Why is this a problem:
This is a complicated problem dealing with form processing. Let's
consider a typical HTML page that contains two forms. One form logs
a user into a 'Member Only' section of the web site while the second form
logs a user into a 'Guest' section. Assume that the same cgi script
is the target of the two forms. The cgi script queries a database
and either redirects to the user's member page, a temporary guest page
or a login failed page. Further assume that the member only part
of the site uses cookies for user tracking purposes, while the guest-only
section uses cookies for session tracking. Since there can only be
one policy per resource there is no way to accurately represent the distinctions
between these two policies. It is suggested that the more restrictive
of the two policies be in force for the target. However, that solution
is not 100% accurate.
Proposed Solution:
Support an unbounded number of policies for a resource. This will
be accomplished, in the case of HTML, by combining the HTML and the policy
into an HTTP multipart entity and linking, via the ID attribute, the policy
to the elements of the HTML form. The ID attribute was chosen because the
ID attribute is required to be unique in HTML documents. It is worth
noting that the reason the multipart solution was chosen was to maintain
backward compatibility. To make the policy linkages more explicit,
it is recommended, that when using XML based documents, that the policy
be embedded into XML based document using namespaces. Since embedding
XML into HTML would cause the HTML to invalid, the multipart solution was
decided on. The important point is that the combination of the policy
and the content are considered a discrete entity.
Advantage(s):
By adding the ability to link a policy to an individual element in a document
several advantages are gained. Form fillers can be made more effective
due to the fact that a data type is linked to an input field. Therefore,
a form filler can populate forms they have not seen before.
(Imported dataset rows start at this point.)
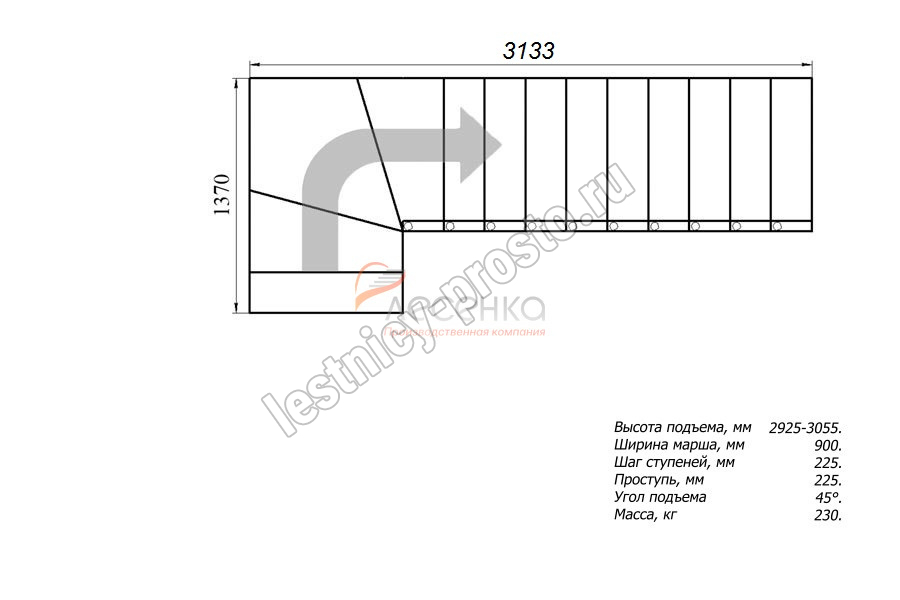 Модульная лестница Фаворит 225 2925-3055, Белый, Лиственница, Нержавеющая сталь
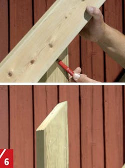 Vinkeln stolpen skall sågas i nertill hittar vi på ungefär samma sätt som när vi fann markvinkeln för vangstyckena. Håll stolpen lodrätt och markera längs vangstycket.
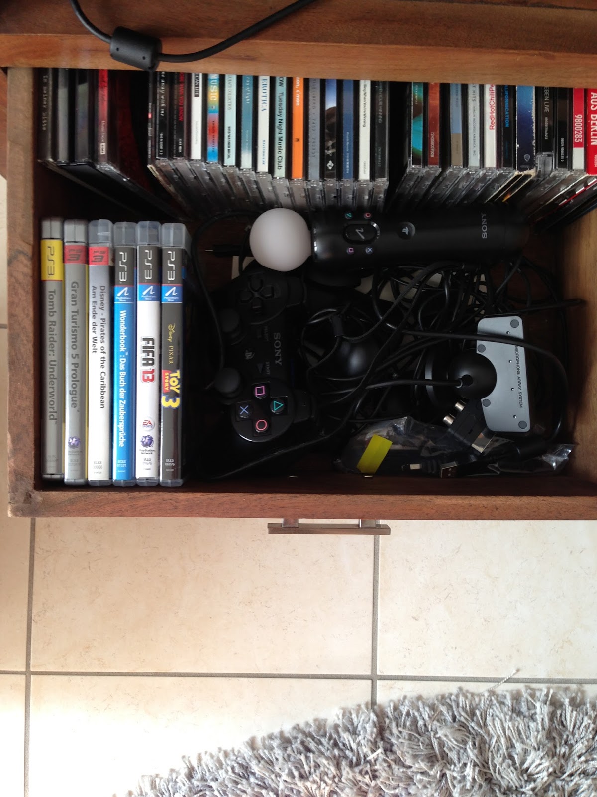 Das Schöne an meiner Entrümplungsaktion: die Playstationspiele der Kinder haben jetzt Platz in der Schublade und stauben nicht mehr in dem Korb ein, der auf dem Schrank steht!
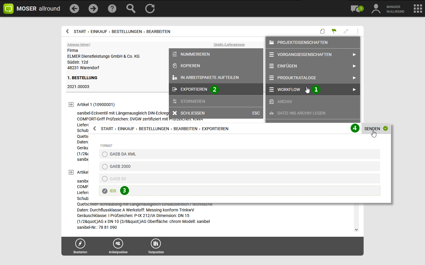 Lieferantenseitige Vorgänge, wie Bestellungen und Preisanfragen, können direkt an ein eingerichtetes IDS-Lieferantenportal des entsprechenden Lieferanten übermittelt werden:
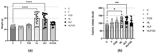 (a) Weights of the experimental groups expressed as the mean and standard deviation during the four months. (b) Comparison of the average caloric intake expressed as the mean and standard deviation per animal of each experimental group during the four months. C—control group; F—high-fiber normolipid diet group; FOS—normolipid diet with FOS group; HL—high-fat diet group; HLF—fiber-rich, high-fat diet group; HLFOS—high-fat diet group with FOS. FOS—fructooligosaccharide. * indicates significantly different (p = 0.003), ** indicates significantly different (p = 0.006), **** indicates significantly different (p < 0.0001). N = 60. Data are reported as mean ± SD.

Several user interface enhancements are possible as well, such as "mouse
over" to see the policy for that particular field, gray out optional fields,
fields that go against your preferences can show up in red. These
types of user interface enhancements are not currently possible.
Additionally, this technique not only works with HTML but also XML based
languages. By linking a policy to an script or applet tag then it
is possible to assert the privacy policy for the contained script and applet.
Drawback(s):
The response for an HTML document containing a form will grow in size.
This is due the fact that the HTML and the policy will be combined into
an HTTP multipart response.
Problem Statement:
Currently there are too many round trips in the protocol and these round
trips must be done sequentially.
Why is this a problem:
Currently, for each request a reference file must be parsed to find the
name of the associated policy file if one exists. If the user agent
does not have the policy then the policy must be fetched and parsed before
any more HTML content loading is performed. Once downloaded, which
may require several redirects, the policy must be parsed and only then
can the resource loading proceed. If there are policies associated
with images then those policies must be downloaded and parsed as well.
This means that the user has to wait for the content to load. Current
browser implementations start multiple threads and pipeline multiple HTTP
requests through a TCP/IP socket. This works very well for pages
that contain images because the browser can download the page and all needed
graphics at the same time. For example, as the HTML page is being
downloaded it can be parsed for presentation and any links encountered
can be loaded using one of the extra threads. Unfortunately, this
model is broken in a stop and wait protocol.
Proposed Solution:
By combining the policy and the content together, the parsing of the reference
file can be avoided since the policy is already available.
Advantage(s):
Downloading of the policy document via multiple redirects is avoided.
Also, this fixes all the policy, reference file, and content caching problems
since the reference file does not exist nor does the policy document.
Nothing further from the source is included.